Karrak balançou a cabeça. “O sargento disse que temos que levar alguém novo para parecer convincente. Diz que o tenente disse a ele que o coronel ordenou que as patrulhas noturnas fossem equipes de quatro.” Ele encolheu os ombros. “Se formos apenas nós três, pareceremos suspeitos.”
“Tudo bem,” Farid disse. “Seremos quatro.”
“Ehsan,” Aiman disse. “Ehsan não é ninguém. Ele vai fazer o que for mandado e ficar quieto depois.”
“Ehsan?” Farid olhou para Karrak, que deu de ombros. “Perfeito,” Farid disse. “Aiman, vá buscar o jovem Ehsan.”
Aiman assentiu e tocou sua testa. Ele se afastou da vela e saiu do abrigo. Farid e Karrak ouviram o som de suas botas marchando pela trincheira. Quando elas desapareceram e ficaram sozinhos, Karrak finalmente falou.
“Podemos confiar em Aiman?”
Farid ergueu os olhos para a aba de lona que cobria a entrada do abrigo.

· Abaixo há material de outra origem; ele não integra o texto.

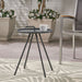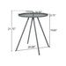 - Modern Design: The side table features a modern aesthetic with its circular design, bold, straight legs, and clean lines. Its distinctive look is further enhanced by a carrying handle and four angled legs that contrast beautifully with the circular tabletop.
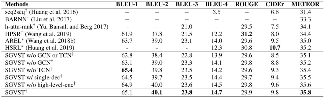 表1:在VIST数据集上的不同模型性能比较. *代表直接优化RL奖励,比如CIDEr分数,

“Acredito que ele queira viver,” Farid disse. “Assim como eu, você e todos os outros que a guerra ainda não matou.”
“Ainda bem,” grunhiu Karrak em um tom que Farid sabia que significava concordância. “Aiman sabe quem é o verdadeiro inimigo.”
Uma comoção lá fora quebrou o longo silêncio que se seguiu. Botas batendo no piso de tábuas da trincheira, murmúrios excitados e xingamentos. Um grito.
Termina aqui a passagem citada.